Parameter q. https://www.redalyc.org/journal/5117/511766773011/html/

Hill numbers

Hill numbers, also known as diversity indices or diversity measures, are mathematical metrics used to quantify the diversity or richness of a biological community. They were developed by ecologist Robert H. Whittaker and are widely used in ecology and biodiversity studies.

Hill numbers provide a way to summarize and compare the diversity of different communities based on the abundance or occurrence of different species within those communities. These numbers take into account both the number of species present and their relative abundances. The higher the Hill number, the greater the diversity or richness of the community.

Hill numbers are often represented by the symbol “D”, followed by a subscript that indicates the order of diversity. The order of diversity determines the weight given to rare versus common species. Commonly used Hill numbers include:

  1. Species richness (D₀): This is the simplest Hill number and represents the total number of species in a community, without considering their abundances. It provides a basic measure of biodiversity based on species count.
  2. Shannon diversity index (D₁): This index incorporates both species richness and evenness. It takes into account both the number of species and their relative abundances, providing a more comprehensive measure of diversity.
  3. Simpson diversity index (D₂): This index focuses on the dominance or concentration of species within a community. It considers both species richness and the probability that two individuals randomly selected from the community belong to the same species.

Rényi entropy

Rényi entropy is a concept in information theory and statistical physics introduced by Alfréd Rényi, a Hungarian mathematician. It is a generalization of the Shannon entropy, which measures the uncertainty or information content of a random variable or probability distribution. The Rényi entropy of a discrete probability distribution is defined by the parameter α, which determines the order of the entropy. The formula for calculating Rényi entropy is:

\[Hα(P) = \frac{1}{1 - α} \dot log_{2}(\sum{i=1}^{N} pi^α)\]

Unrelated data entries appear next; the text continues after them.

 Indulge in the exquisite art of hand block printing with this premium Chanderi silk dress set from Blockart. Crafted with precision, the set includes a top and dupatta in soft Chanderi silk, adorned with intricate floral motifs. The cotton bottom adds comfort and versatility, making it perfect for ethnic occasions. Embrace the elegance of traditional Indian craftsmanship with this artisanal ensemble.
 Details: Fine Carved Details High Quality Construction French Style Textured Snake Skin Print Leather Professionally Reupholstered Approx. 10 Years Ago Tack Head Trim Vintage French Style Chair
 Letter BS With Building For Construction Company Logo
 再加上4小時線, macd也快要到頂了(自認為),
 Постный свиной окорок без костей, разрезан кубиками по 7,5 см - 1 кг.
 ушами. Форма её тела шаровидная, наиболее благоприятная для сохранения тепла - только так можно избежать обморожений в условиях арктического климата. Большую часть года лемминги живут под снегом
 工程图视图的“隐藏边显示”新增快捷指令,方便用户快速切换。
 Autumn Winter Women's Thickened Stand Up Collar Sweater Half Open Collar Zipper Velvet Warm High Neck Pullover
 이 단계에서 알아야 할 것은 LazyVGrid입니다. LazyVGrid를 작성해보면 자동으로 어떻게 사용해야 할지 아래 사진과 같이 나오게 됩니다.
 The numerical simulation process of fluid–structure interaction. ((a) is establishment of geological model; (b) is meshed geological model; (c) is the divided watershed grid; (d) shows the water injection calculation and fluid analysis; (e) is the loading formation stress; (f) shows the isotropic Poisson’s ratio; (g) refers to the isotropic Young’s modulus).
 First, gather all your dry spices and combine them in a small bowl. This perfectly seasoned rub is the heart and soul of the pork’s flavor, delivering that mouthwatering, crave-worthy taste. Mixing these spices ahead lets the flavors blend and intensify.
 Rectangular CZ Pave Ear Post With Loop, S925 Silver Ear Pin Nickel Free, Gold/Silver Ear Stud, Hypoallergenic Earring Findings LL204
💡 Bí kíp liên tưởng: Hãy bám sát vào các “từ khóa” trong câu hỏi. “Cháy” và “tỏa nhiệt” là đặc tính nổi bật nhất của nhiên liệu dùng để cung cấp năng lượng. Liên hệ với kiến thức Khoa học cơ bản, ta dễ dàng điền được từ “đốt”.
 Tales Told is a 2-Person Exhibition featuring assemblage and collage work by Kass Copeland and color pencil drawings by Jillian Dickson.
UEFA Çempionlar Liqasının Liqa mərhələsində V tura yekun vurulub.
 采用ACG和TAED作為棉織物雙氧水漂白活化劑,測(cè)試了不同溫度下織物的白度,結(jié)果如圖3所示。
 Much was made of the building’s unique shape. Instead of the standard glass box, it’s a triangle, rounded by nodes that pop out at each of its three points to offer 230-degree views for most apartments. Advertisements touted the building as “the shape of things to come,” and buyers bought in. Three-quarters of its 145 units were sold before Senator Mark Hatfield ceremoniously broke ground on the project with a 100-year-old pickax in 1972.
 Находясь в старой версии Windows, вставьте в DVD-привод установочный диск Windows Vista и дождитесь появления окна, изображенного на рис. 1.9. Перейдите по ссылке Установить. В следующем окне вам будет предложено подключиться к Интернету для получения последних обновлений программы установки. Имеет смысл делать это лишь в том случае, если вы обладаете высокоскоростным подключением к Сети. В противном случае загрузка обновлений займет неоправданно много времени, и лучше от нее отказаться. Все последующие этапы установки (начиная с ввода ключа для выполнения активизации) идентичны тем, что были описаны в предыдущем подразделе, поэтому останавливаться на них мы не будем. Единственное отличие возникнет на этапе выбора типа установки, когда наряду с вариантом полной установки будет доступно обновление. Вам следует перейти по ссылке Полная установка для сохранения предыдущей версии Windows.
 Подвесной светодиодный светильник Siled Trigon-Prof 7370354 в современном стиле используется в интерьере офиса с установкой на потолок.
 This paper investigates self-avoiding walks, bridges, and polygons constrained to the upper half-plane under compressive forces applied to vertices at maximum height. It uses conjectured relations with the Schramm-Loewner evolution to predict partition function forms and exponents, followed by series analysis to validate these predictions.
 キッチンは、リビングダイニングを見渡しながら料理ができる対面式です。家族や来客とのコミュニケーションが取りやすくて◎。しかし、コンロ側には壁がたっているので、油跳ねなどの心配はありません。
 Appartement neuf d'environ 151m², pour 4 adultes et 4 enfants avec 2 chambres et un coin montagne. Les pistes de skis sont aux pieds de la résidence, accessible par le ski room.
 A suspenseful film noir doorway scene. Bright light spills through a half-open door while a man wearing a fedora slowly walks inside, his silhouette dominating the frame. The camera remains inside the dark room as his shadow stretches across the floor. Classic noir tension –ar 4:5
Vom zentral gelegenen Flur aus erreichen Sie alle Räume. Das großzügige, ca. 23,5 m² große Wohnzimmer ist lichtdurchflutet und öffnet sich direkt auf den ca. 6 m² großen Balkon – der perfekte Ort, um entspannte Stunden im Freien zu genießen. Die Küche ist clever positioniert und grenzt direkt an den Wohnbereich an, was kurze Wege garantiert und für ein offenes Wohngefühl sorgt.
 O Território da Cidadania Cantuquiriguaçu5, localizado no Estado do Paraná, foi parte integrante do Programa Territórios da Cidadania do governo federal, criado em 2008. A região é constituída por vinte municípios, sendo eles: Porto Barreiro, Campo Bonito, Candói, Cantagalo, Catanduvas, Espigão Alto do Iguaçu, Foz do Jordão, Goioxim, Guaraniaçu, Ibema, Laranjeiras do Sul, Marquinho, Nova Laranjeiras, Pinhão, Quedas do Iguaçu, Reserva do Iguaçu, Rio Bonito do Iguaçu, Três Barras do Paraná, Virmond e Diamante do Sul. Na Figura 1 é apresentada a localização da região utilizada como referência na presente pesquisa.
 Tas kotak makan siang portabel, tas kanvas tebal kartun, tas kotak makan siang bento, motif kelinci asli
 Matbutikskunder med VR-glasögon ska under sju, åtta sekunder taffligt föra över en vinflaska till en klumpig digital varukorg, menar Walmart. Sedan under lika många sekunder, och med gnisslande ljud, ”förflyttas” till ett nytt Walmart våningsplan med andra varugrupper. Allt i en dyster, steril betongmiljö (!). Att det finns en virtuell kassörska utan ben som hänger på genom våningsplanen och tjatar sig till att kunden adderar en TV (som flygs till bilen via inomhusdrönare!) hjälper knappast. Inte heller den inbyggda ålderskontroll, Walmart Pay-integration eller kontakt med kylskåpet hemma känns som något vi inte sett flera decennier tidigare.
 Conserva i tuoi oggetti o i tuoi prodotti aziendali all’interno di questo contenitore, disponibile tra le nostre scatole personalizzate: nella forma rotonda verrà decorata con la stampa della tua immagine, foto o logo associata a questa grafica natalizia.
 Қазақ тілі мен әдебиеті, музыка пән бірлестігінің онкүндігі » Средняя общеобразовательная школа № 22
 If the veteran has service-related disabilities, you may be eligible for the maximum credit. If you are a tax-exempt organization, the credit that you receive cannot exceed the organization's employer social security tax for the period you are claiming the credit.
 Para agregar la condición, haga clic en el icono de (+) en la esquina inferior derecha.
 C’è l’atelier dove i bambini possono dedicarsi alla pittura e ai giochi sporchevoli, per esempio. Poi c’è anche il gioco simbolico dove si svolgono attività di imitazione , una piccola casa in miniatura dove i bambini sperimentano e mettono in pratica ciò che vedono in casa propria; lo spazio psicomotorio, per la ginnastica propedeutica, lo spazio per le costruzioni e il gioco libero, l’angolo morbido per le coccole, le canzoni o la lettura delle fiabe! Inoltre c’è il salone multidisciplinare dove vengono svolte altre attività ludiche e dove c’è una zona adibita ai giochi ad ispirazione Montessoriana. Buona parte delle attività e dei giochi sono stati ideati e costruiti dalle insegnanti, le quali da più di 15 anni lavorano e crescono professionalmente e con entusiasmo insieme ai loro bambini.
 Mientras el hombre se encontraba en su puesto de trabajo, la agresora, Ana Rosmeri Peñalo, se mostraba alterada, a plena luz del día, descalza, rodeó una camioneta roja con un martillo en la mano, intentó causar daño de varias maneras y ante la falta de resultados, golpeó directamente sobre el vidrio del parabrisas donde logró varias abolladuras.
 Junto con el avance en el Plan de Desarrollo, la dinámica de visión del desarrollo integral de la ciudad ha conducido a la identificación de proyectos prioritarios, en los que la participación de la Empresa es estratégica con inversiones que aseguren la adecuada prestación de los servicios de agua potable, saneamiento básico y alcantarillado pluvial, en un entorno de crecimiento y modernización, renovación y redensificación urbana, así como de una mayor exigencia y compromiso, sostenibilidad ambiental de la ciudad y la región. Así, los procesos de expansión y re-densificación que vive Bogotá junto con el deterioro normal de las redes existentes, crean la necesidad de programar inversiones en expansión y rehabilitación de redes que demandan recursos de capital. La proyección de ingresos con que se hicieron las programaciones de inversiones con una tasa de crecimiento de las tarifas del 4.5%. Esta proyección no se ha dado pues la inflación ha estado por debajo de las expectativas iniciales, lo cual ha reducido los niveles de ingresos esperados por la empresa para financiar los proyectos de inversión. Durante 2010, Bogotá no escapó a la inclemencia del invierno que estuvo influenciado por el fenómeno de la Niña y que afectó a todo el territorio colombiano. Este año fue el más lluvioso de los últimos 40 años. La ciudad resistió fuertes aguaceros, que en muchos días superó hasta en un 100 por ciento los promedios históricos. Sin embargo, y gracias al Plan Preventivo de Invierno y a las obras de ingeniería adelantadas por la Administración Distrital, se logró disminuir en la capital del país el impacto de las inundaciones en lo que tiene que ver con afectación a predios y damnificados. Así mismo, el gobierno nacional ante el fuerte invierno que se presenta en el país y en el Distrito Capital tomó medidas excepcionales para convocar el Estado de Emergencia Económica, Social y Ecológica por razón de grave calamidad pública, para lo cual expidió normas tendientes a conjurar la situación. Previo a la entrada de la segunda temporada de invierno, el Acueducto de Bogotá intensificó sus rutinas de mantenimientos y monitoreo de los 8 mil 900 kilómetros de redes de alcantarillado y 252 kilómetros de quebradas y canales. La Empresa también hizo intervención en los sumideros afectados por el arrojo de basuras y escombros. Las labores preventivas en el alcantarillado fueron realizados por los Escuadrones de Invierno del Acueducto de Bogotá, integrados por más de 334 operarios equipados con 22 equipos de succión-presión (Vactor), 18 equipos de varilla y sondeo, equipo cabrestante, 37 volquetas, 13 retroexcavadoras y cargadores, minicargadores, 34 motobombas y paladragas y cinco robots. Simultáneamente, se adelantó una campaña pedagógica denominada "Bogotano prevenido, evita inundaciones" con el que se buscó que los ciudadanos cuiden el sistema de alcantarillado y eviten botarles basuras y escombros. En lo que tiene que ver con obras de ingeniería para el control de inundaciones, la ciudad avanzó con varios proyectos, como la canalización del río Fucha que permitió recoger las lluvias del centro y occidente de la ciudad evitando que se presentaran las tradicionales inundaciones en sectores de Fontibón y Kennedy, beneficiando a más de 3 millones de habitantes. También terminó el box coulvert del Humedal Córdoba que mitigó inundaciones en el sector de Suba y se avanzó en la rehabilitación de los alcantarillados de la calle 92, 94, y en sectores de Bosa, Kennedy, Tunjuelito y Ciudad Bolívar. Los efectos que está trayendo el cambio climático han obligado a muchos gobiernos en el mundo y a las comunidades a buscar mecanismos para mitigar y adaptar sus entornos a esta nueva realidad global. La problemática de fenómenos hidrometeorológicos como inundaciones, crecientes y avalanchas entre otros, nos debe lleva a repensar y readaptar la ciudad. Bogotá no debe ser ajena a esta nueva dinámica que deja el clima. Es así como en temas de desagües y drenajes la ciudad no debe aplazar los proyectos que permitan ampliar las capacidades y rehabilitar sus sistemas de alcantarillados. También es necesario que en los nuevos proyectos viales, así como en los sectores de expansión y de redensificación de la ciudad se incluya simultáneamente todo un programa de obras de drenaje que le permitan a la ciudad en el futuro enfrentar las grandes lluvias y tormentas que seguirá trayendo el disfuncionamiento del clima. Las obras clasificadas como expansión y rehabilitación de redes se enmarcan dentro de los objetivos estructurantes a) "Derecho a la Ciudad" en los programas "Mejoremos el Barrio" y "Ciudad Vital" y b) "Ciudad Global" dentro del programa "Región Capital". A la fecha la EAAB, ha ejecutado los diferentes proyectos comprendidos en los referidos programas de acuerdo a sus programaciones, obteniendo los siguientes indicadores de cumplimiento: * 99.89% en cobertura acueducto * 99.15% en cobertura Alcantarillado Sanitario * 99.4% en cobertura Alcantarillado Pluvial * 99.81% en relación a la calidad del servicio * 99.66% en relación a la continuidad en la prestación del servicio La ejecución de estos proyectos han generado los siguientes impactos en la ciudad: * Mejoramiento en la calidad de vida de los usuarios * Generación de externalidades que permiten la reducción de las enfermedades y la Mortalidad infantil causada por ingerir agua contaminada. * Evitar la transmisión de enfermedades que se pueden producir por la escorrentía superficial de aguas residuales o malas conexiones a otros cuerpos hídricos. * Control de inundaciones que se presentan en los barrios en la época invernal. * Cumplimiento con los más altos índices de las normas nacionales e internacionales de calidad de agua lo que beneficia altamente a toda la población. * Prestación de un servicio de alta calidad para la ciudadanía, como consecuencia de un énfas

where P = {p₁, p₂, …, pN} is the probability distribution of N discrete events or states, and pi represents the probability of the ith event.

The value of α determines the properties of Rényi entropy. When α = 1, Rényi entropy reduces to Shannon entropy, providing a measure of average uncertainty or information content. As α approaches 0, Rényi entropy converges to the minimum value, representing the most certain or least diverse distribution. Conversely, as α approaches infinity, Rényi entropy approaches the maximum value, indicating a uniform or maximally diverse distribution.

Rényi entropy has applications in various fields, including information theory, statistical physics, and data analysis. It offers a way to quantify the diversity or randomness of a system beyond the traditional Shannon entropy, allowing for a more nuanced understanding of information content and structure.

For further information on how to choose the best diversity metric also check

  1. Measuring the diversity of the human microbiota with targeted next-generation sequencing Bonilla-Rosso et al. 2012
  2. Understanding microbial community diversity metrics derived from metagenomes: performance evaluation using simulated data sets Finotello et al. 2018

Conclusion

In this tutorial, we look how to calculate α and β diversity from microbiome data. We apply Krakentools to calculate the α and β diversity of two microbiome sample datasets.